The center of the fixed portion 402a of the fixed shaft 402 crimped to the side plate 103 of the drive unit and the position of the hole center of the support portion 105a provided in the housing 105 are at the same position. The shaft center of the fixed shaft 402 and the shaft center of the vibration suppressing member 404 are formed at a position shifted by β. In this way, by shifting the phases of the small gear fixed shaft 402 and the vibration suppressing member 404, the small gear fixed shaft 402 is tilted toward the large gear 100 in the thrust direction with respect to the large gear 100 axis. Yes. As a result, even if the small gear is inclined by the angle θ shown in FIG. 4A and the large gear 100 is deformed, the meshing of the gear can be kept normal. Further, the vibration transmitted to the image forming unit through the small gear shaft 102 is reduced by fitting the vibration suppressing member 404 between the fixed shaft 402 and the support portion 105a of the housing.
In this embodiment, since the center of the outer shape of the vibration suppressing member 404 and the center of the shaft mounting hole are different, a phase shift occurs between the fixed shaft 402 of the small gear and the vibration suppressing member 404. Therefore, in order to match the phases of the small gear fixed shaft 402 and the vibration suppressing member 404, the tip 402b of the small gear shaft is D-shaped for phase matching.
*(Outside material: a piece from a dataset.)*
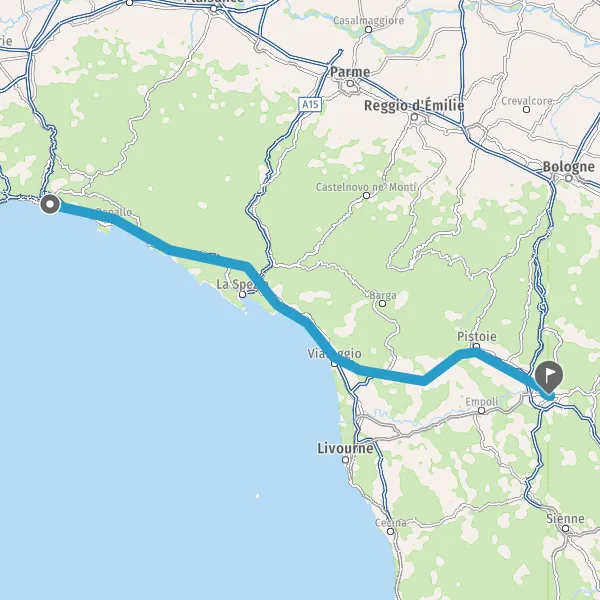 Sortir et rejoindre Diramazione Viareggio-Lucca. Continuer sur 400 mètres

In this embodiment, as shown in FIG. 4B, the tip shape of the fixed shaft 402 is D-shaped, but this is not restrictive, and the phase of the fixed shaft 402 and the vibration suppressing member 404 is determined. Any shape is acceptable.

  Next, another embodiment of the present embodiment will be shown. FIG. 5A is a cross-sectional view of the drive transmission device, and FIG. 5B is a view of a part of FIG. 5A viewed from the D direction. A configuration in which the position of the portion of the shaft 502 that engages with the vibration suppression member 504 is shifted by γ with respect to the center of the shaft may be assembled without phase matching between the shaft 502 and the vibration suppression member 504. In addition, as the configuration in which the shaft of the small gear 101 is inclined, the positional relationship between the fixed shaft 102 crimped to the first frame 103 and the fitting portion of the second frame 105 is fixed as in the first embodiment. The configuration in which the center of the fitting hole of the second frame body is shifted by α with respect to the shaft center of the shaft 102, and the shaft center of the fixed shaft of the small gear 101 and the vibration suppressing member of this embodiment is β Or you may combine the structure which shifts (gamma).

  As described above, in the present embodiment, as in the first embodiment, the shaft that rotatably supports the gear is fitted to the first frame body and the second frame body, so that the shaft becomes the rotation shaft of the other gear. In the drive transmission device that is inclined with respect to the shaft, the transmission of vibration between the shaft and the second frame body can be suppressed by fitting the shaft to the second frame body via the vibration suppressing member. it can.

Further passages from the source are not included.